§ **Aim of the task**: Setting pictures aside, output exactly the lines from the start of the records to the line with "Detta delvis renoverade", that line included.

═══ Information provided

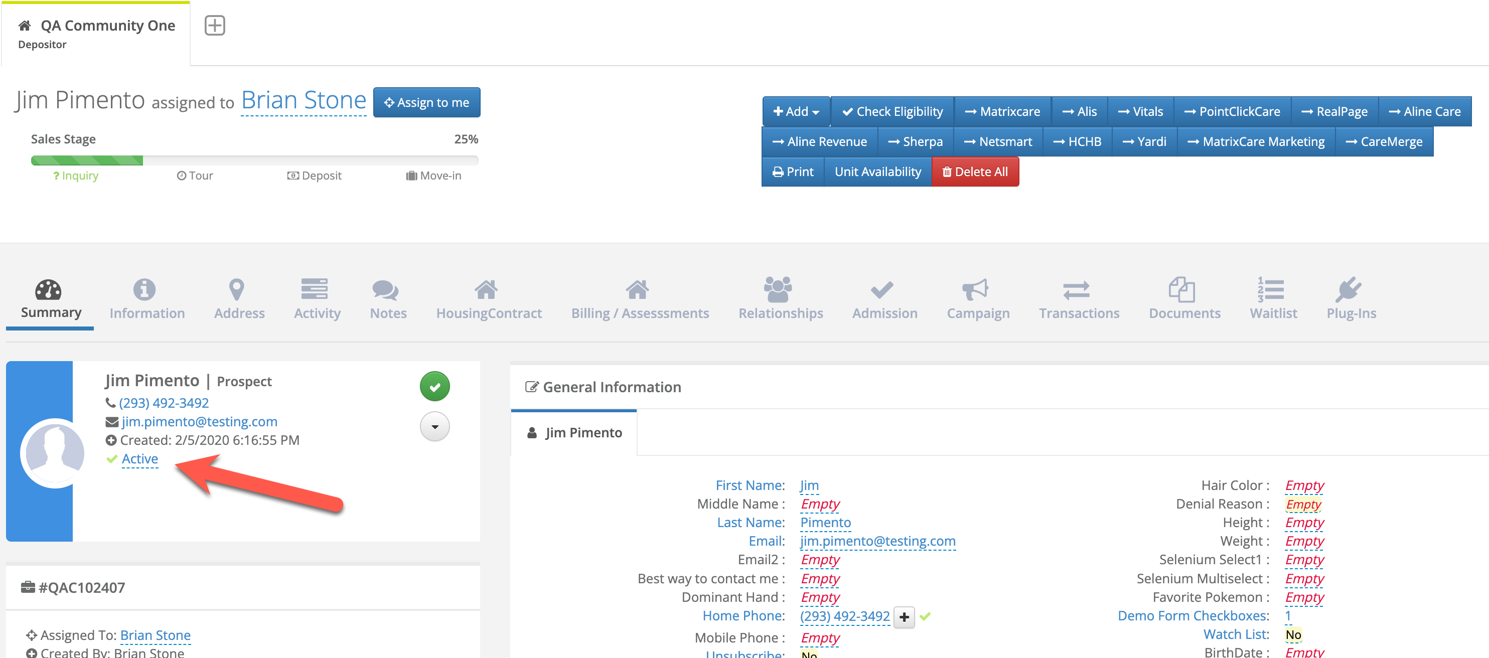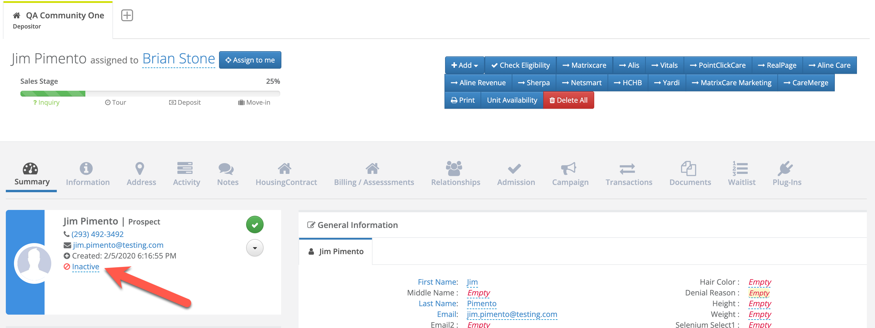 Step 4: The Prospect will now show as Inactive.
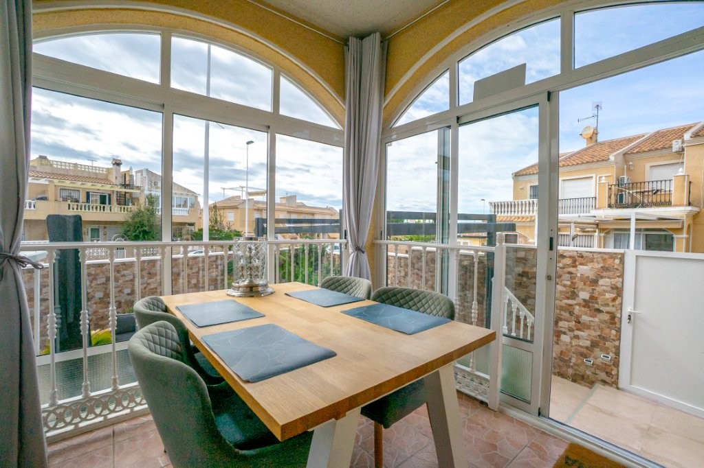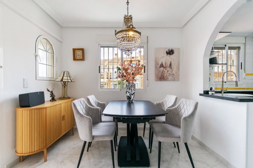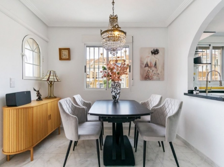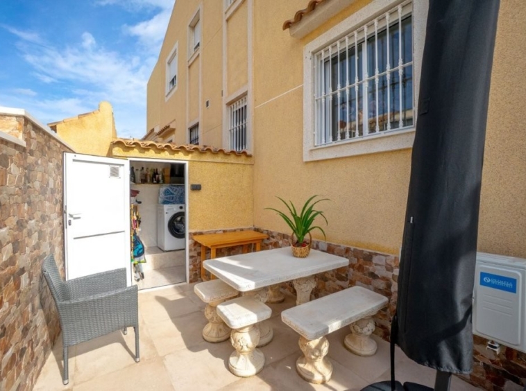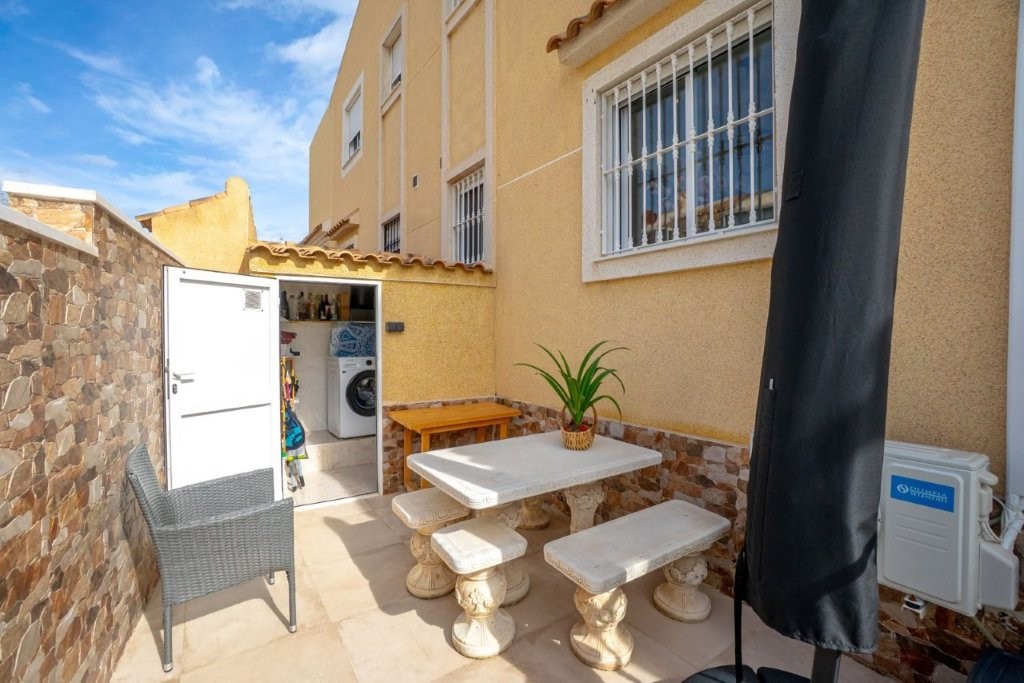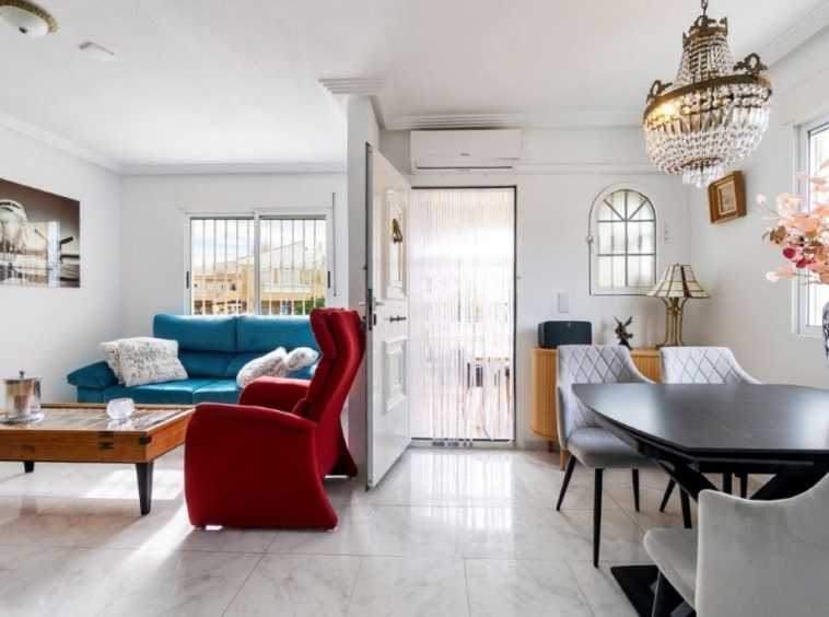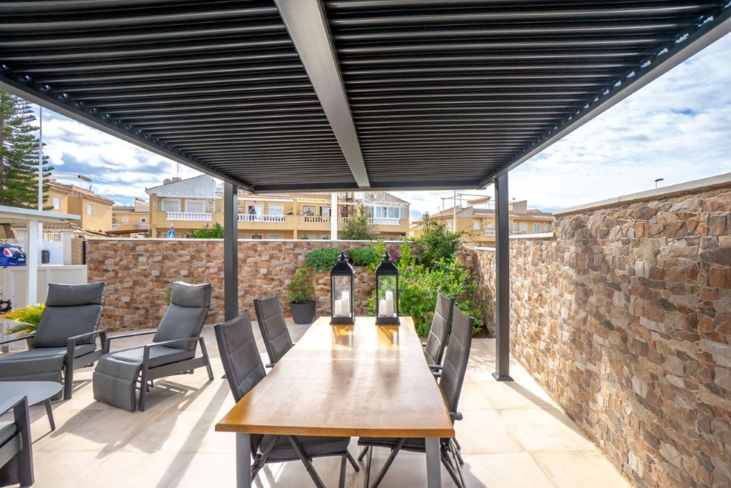 Detta delvis renoverade radhus ligger på en attraktiv hörntomt i söderläge om 126,58 m² i det populära Royal Inter Park 2 i Aguas Nuevas. Här får du goda solförhållanden och en rymlig uteplats med pergola, samt gott om plats för solstolar och flera sittgrupper.
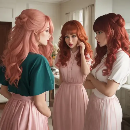 - 컴퓨터 애니메이션, 세밀한 세부 묘사, 브뤼겔, 민감한 관찰력, 보완 색조 대비, T자형 구성, 테네브리즘, 물, 왜곡, 영감 있는, 키 큰 편, 날씬한, 심장형 얼굴, 검은 피부, 플래티넘빛 갈색 머리카락, 예약색 눈, 짧은 코, 부푼 입술, 뒤로 물러난 턱, 어깨 길이 머리카락, 휘날리는 머리카락, 짧은 아프로, 처진 가슴, 클립형 귀걸이, 베이지색, 크림 립스틱, 박스형 카라 셔츠와 주름 스커트, 부츠
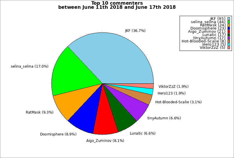 | Top 10 commenters between June 11th 2018 and June 17th 2018 | ||
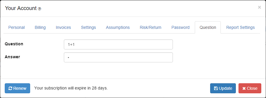 The Security Question tab in the Your Account window will allow you to change the security question required when resetting your password. When using the ‘forgot your password’ link from the login page, you will be required to enter your security answer.
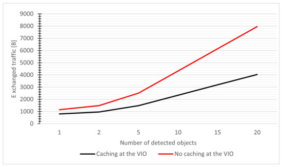 Figure 5 shows that the presence of the VIO allows for reducing the amount of exchanged data traffic. This is more true as the number of detected objects increases. Besides reducing the interactions with the physical device, the caching of inference results at the VIO has the additional benefit of avoiding the physical device to re-run the inference, by saving precious (limited) resources.

══════

§ **Your response**:
 Step 4: The Prospect will now show as Inactive.
 Detta delvis renoverade radhus ligger på en attraktiv hörntomt i söderläge om 126,58 m² i det populära Royal Inter Park 2 i Aguas Nuevas. Här får du goda solförhållanden och en rymlig uteplats med pergola, samt gott om plats för solstolar och flera sittgrupper.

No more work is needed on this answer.